However, in the past we have been assessed damages that exceeded our reserves. If we misjudge the amount of damages that may be assessed
against us from pending or threatened claims, or if we are unable to adequately estimate the amount of damages that will be assessed against us
from claims that arise in the future and reserve accordingly, our operating income and liquidity would be reduced. Such costs may have a
material adverse effect on our future financial position, results of operations and liquidity.

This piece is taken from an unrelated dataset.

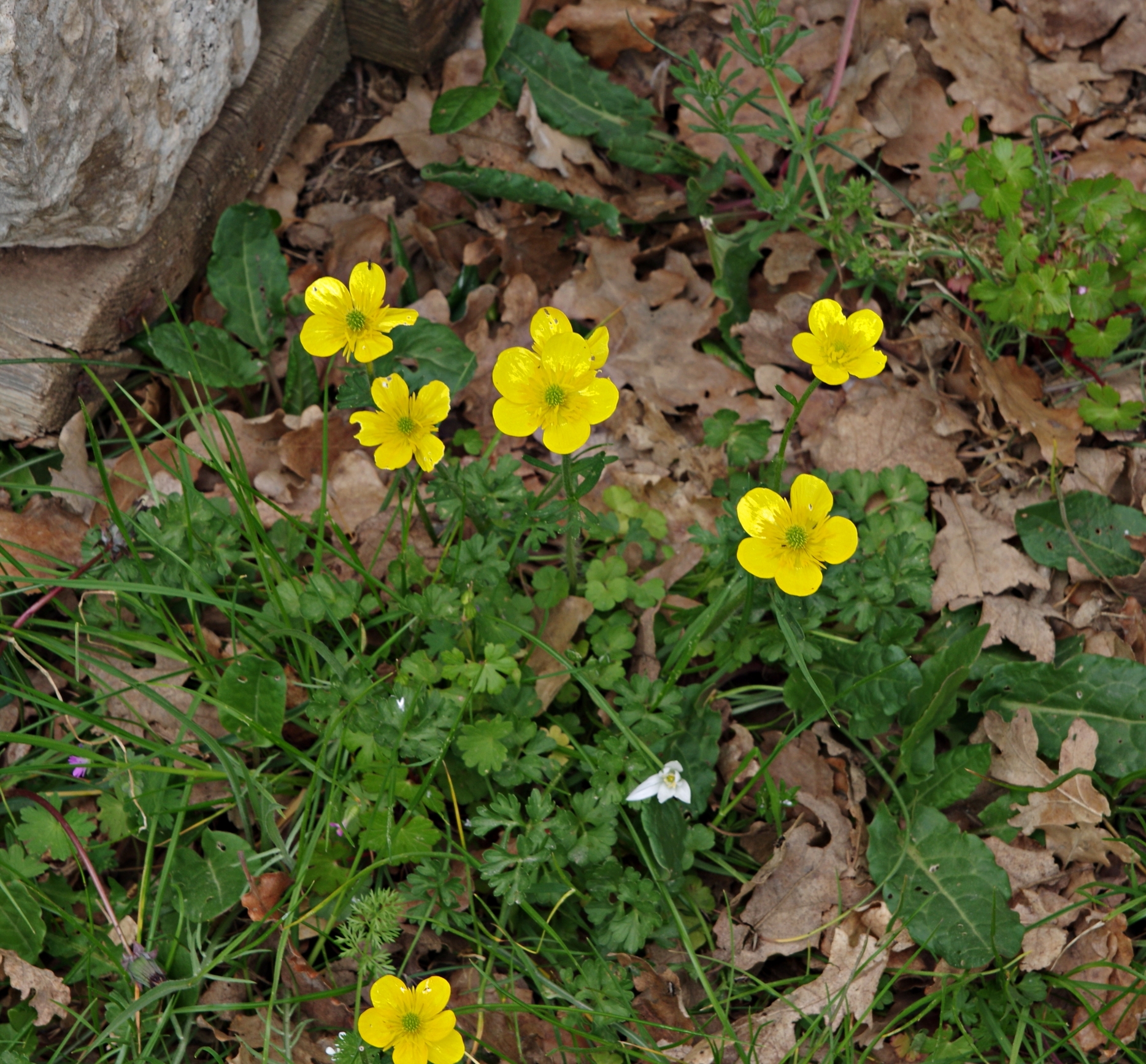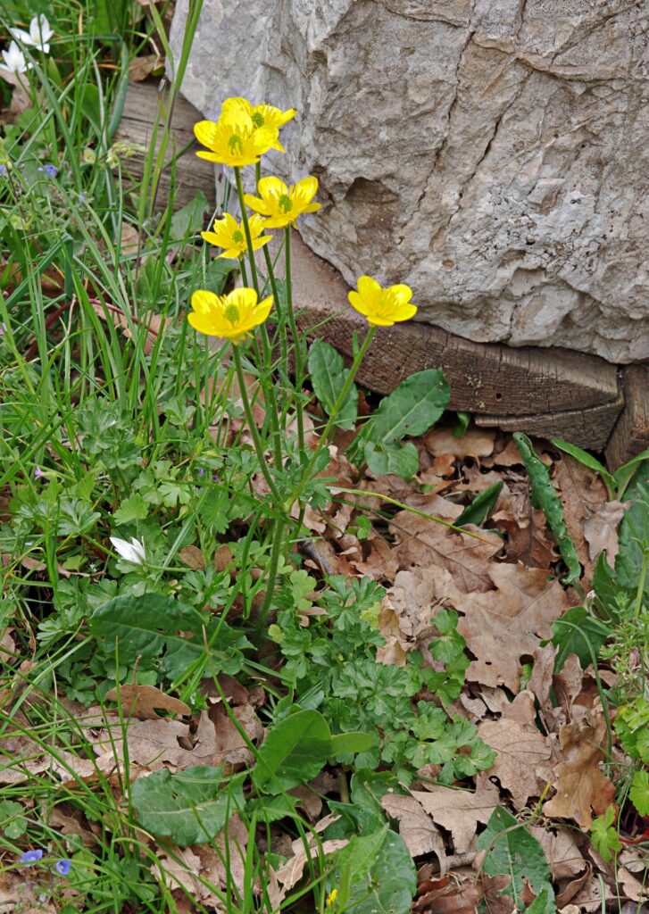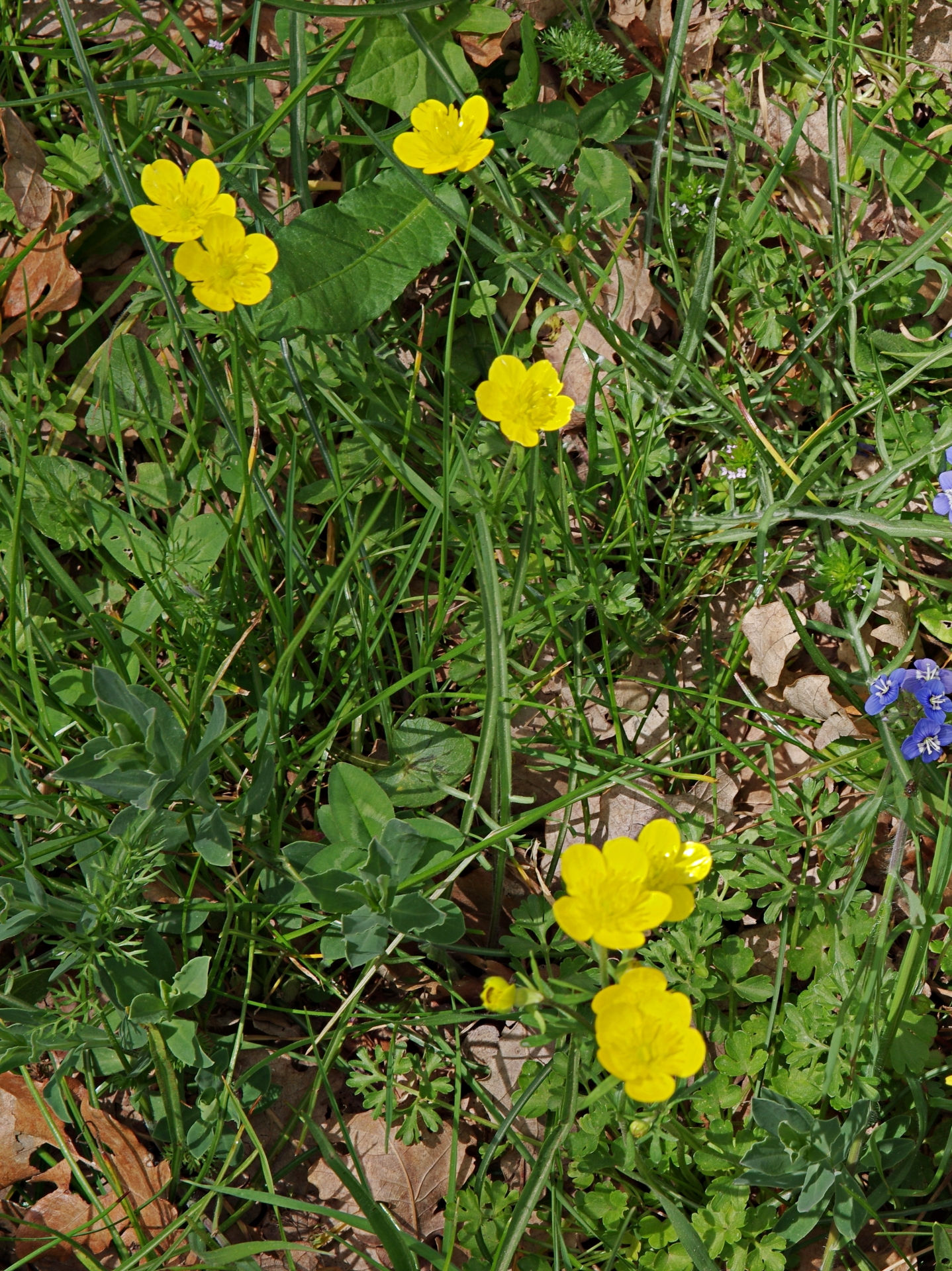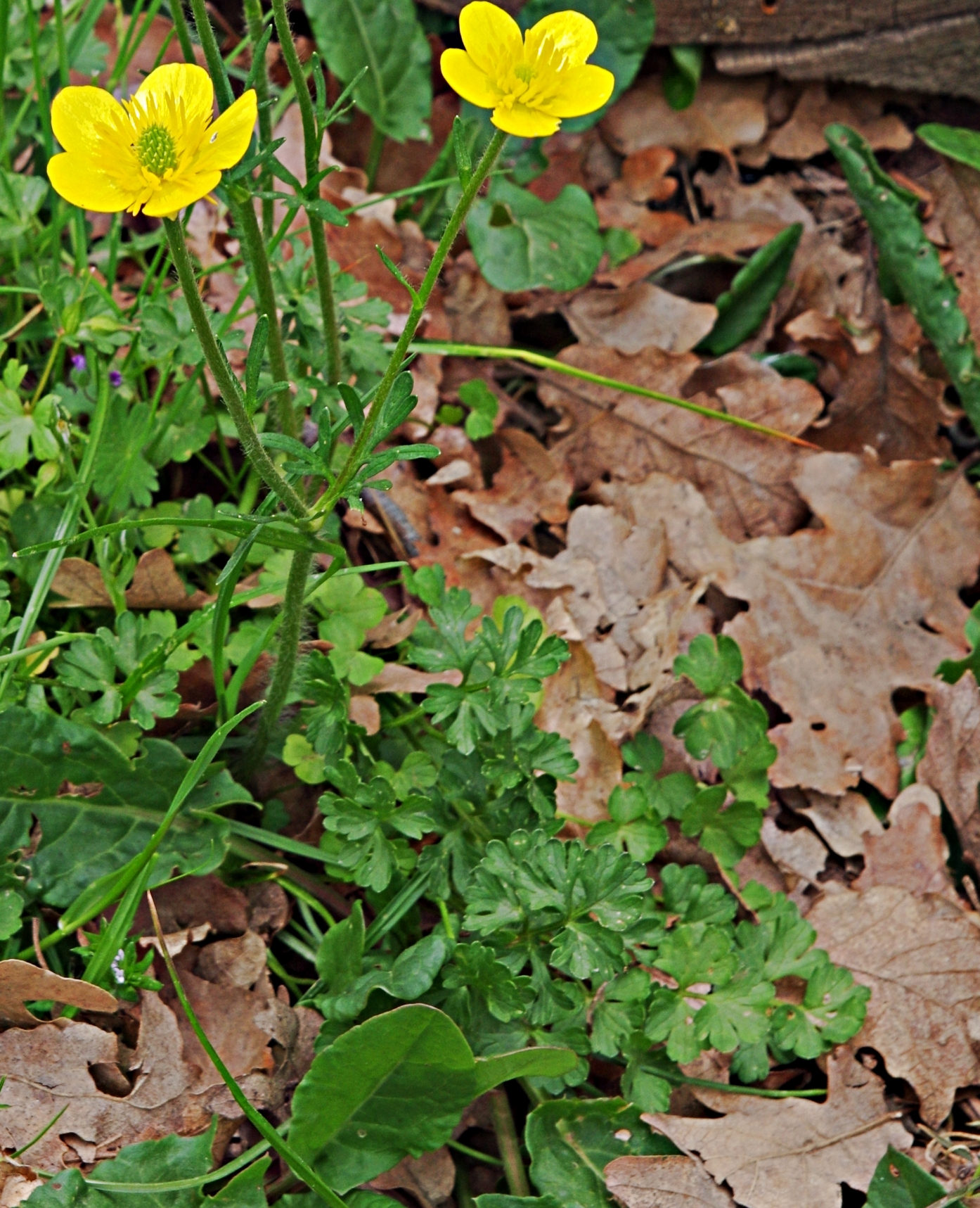 bylina (H), 10-30 cm wys., łodygi wzniesione, słabo owłosione, liście odziomkowe ogonkowe, w zarysie szeroko trójkątne do okrągłych, głęboko 3-klapowe, klapy pocięte na kilka zaokrąglonych segmentów, łodygowych brak lub głęboko pocięte, kwiaty przeważnie pojedynczo, żółte, do 2 cm śred., płatki odwrotnie jajowate, zaokrąglone, działki odgięte, III-VI, owocem spłaszczony orzeszek z lekko zagiętym dzióbkiem, do 0,3 cm dł.

Fair Value. “Trading securities owned” and “Securities sold, but not yet purchased” on our consolidated statements of financial condition
are recorded at fair value, with related unrealized gains and losses recognized in our results of operations. The determination of fair value is
fundamental to our financial condition and results of operations and, in certain circumstances, it requires management to make complex
judgments.
Fair values are based on listed market prices, where possible. If listed market prices are not available or if the liquidation of our positions
would reasonably be expected to impact market prices, fair value is determined based on other relevant factors, including dealer price
quotations. Fair values for certain derivative contracts are derived from pricing models that consider market and contractual prices for the
underlying financial instruments or commodities, as well as time value and yield curve or volatility factors underlying the positions.
Pricing models and their underlying assumptions impact the amount and timing of unrealized gains and losses recognized, and the use of
different pricing models or assumptions could produce different financial results. Changes in the fixed income and equity markets will impact
our estimates of fair value in the future, potentially affecting principal trading revenues. The illiquid nature of certain securities or debt
instruments also requires a high degree of judgment in determining fair value due to the lack of listed market prices and the potential impact of
the liquidation of our position on market prices, among other factors.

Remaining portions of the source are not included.